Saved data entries
____
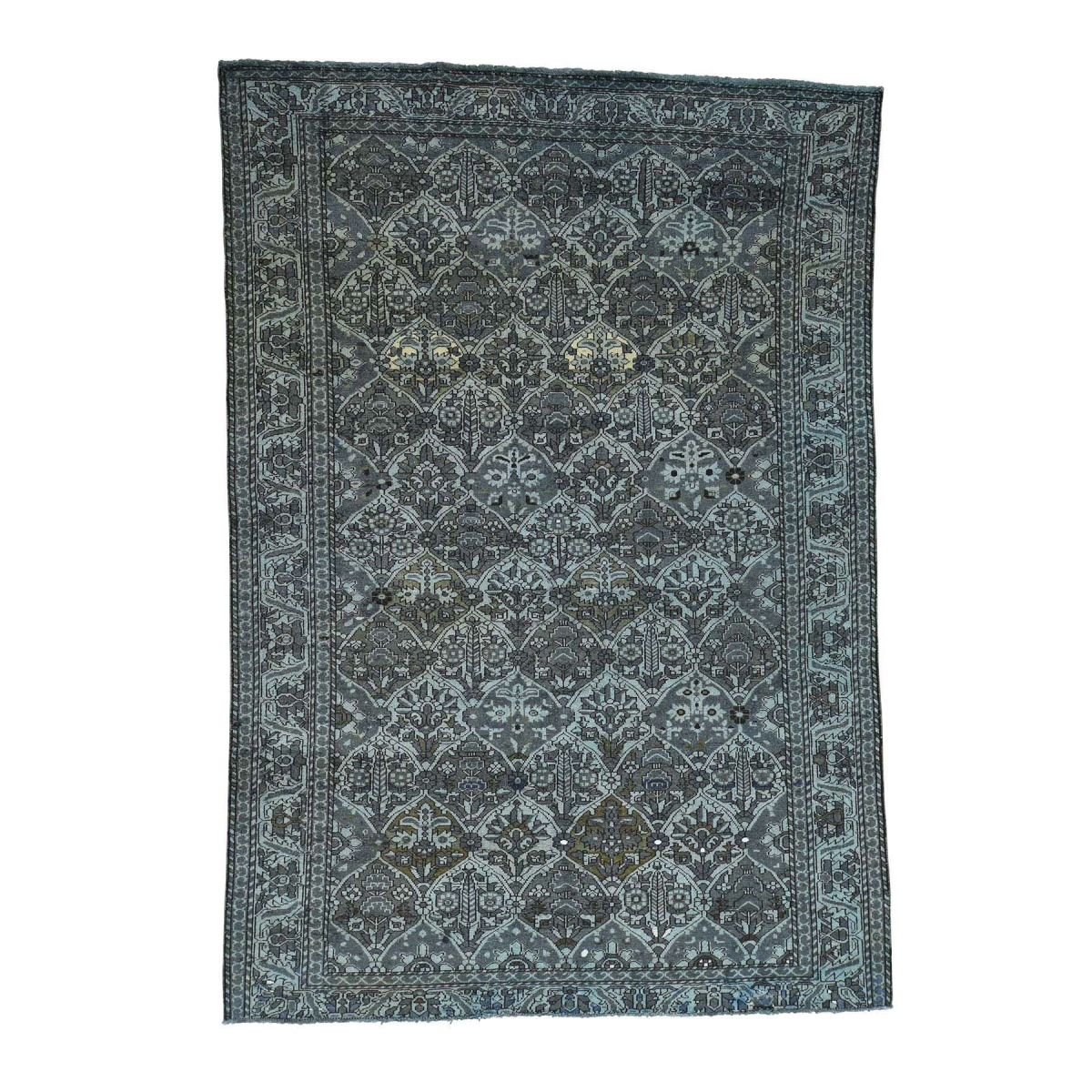 1800 Get A Rug sh33612 7 ft. x 9 ft. 9 in. Pure Wool Hand Knotted Persian Bakhtiari Grey Overdyed Worn Rug Grey
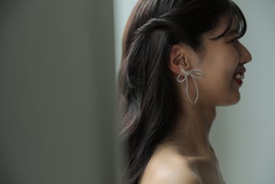 あえてヘアアクセはつけず、大ぶりのリボンのイヤリングで今時可愛いスタイル。
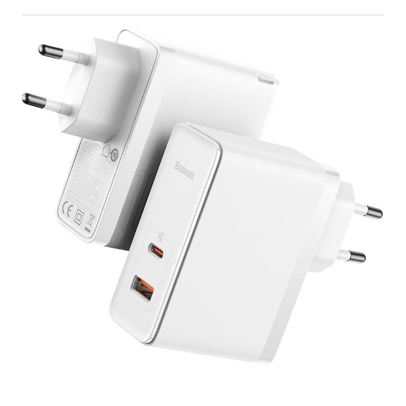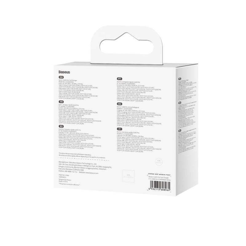 INCARCATOR retea Baseus GaN5 Pro, Quick Charge 100W, 1 x USB, 1 x USB Type-C, include cablu USB Type-C la USB Type-C 100W 1m, alb "CCGP090202" - 6932172608965
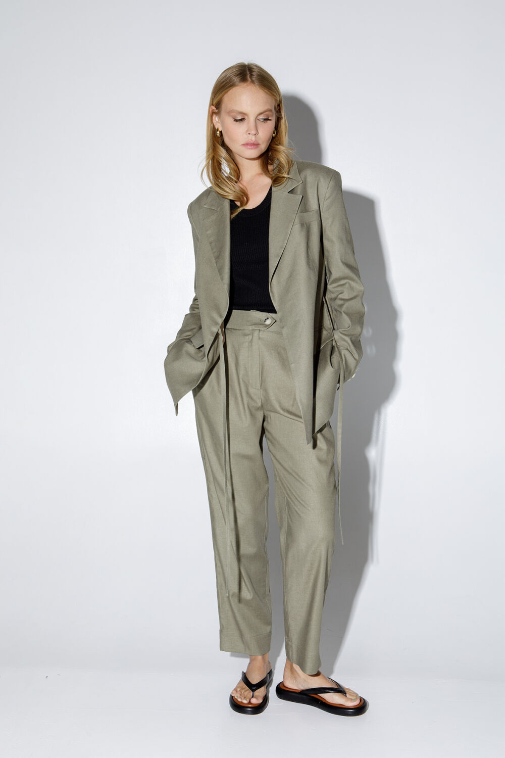 Льняной костюм-двойка из свободного жакета прямого силуэта и свободных брюк со складками. Детали: жакет прямого силуэта, отрезные бочки, пиджачный воротник, застежка-завязки, функциональные карманы, рукава и спинка со шлицами, жакет на подкладке из 100% хлопок. Брюки с высокой посадкой, притачной пояс со шлевками, задняя часть пояса эластичная- с резинкой, застежка на молнию и пуговицу, боковые карманы, передние половины с двумя складками.
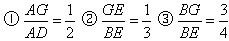 ①AG:AD=1:2; ②GE:BE=1:3 ③BE:BG=4:3,
____
Task to carry out:
Set down exactly, with no additions, each line from the line that includes "Льняной костюм-двойка из" to the final line of the entries above; leave pictures out.

Solution to the exercise:
 Льняной костюм-двойка из свободного жакета прямого силуэта и свободных брюк со складками. Детали: жакет прямого силуэта, отрезные бочки, пиджачный воротник, застежка-завязки, функциональные карманы, рукава и спинка со шлицами, жакет на подкладке из 100% хлопок. Брюки с высокой посадкой, притачной пояс со шлевками, задняя часть пояса эластичная- с резинкой, застежка на молнию и пуговицу, боковые карманы, передние половины с двумя складками.
 ①AG:AD=1:2; ②GE:BE=1:3 ③BE:BG=4:3,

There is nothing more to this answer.